A chance for a lucrative rematch with Pacquiao never materialized, however, as Juan Manuel and Beristain argued with Top Rank promoter Bob Arum, ultimately rejecting a $700,000 offer. Juan Manuel then lost the belts in Indonesia to Chris John. He is now promoted by Oscar De La Hoya’s Golden Boy Promotions.

“Juan Manuel doesn’t regret not staying with someone who wants to keep most of the money without throwing any of the punches,” the Marquez’s advisor, Jaime Quintana, said of Arum.

Rafael also said he left Top Rank -- for Gary Shaw Productions -- to seek greater purses.
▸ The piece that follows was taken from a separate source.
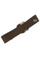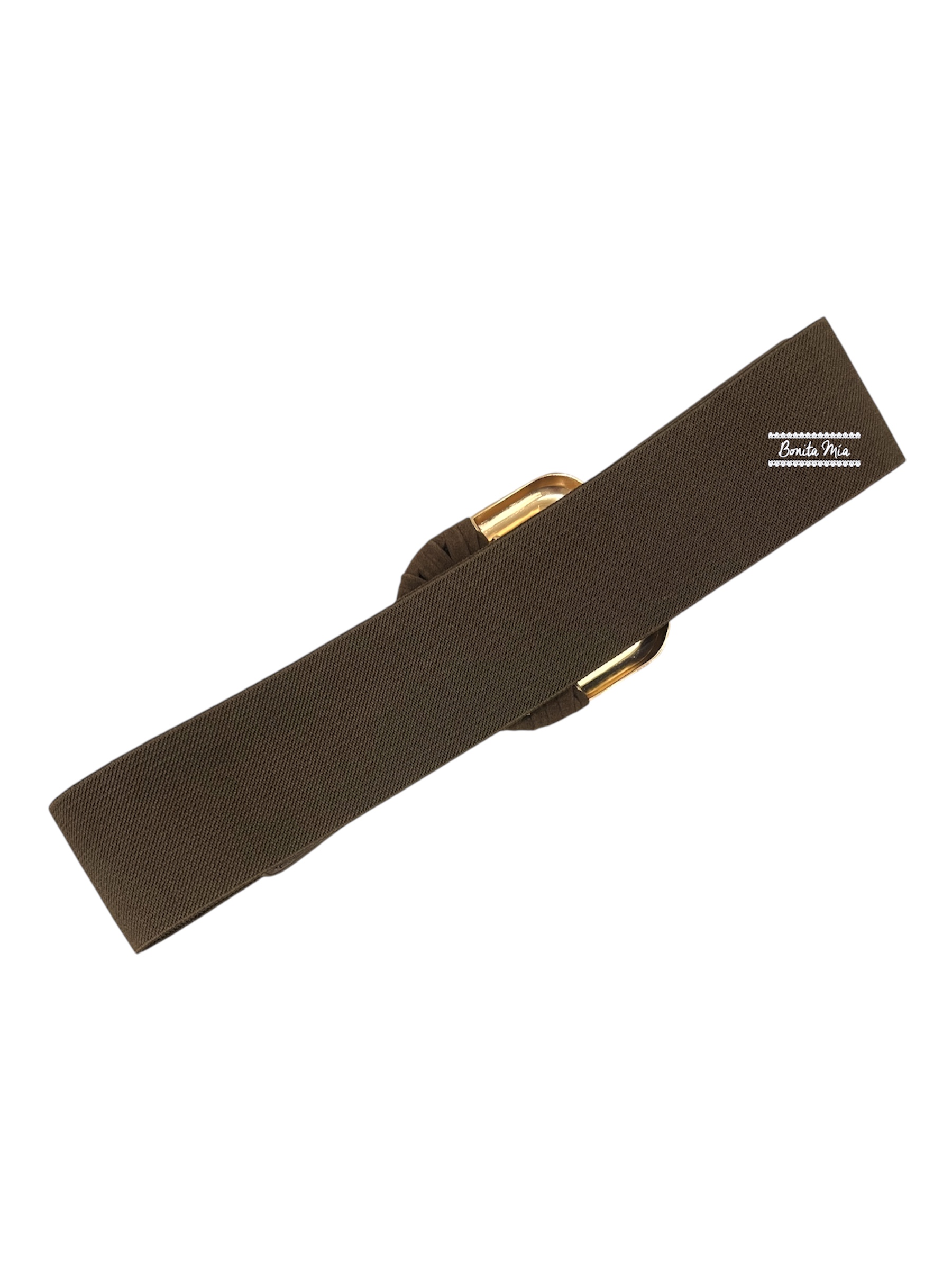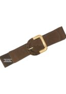 Cinturón elástico marrón chocolate de ante con cierre de hebilla dorado.

He has won 15 consecutive fights since 2000, including an eighth-round TKO over 5-1 favorite Tim Austin in a 2003 IBF bantamweight title fight and two consecutive TKOs of bantamweight challenger Silence Mabuza.

As the brothers attempt to advance their careers with Rafael fighting a Showtime main event and Juan Manuel taking on the Mexican legend Barrera in a pay-per-view headliner, they will be missing their father in the corner.

Rafael Sr.’s weakened heart has resulted in doctor’s orders to stay home in Mexico City.

“The prescription for his heart not being in great condition is that he try to keep it calm and relaxed and avoid hard emotions,” Rafael said. “He’s still always with us training in the gym, though.”

Advertisement

“We can say this is a tribute to our dad, he taught us everything that we know,” Juan Manuel said. “He didn’t make it big in boxing himself, but if either of us wins, that’s like my father being a champion too.”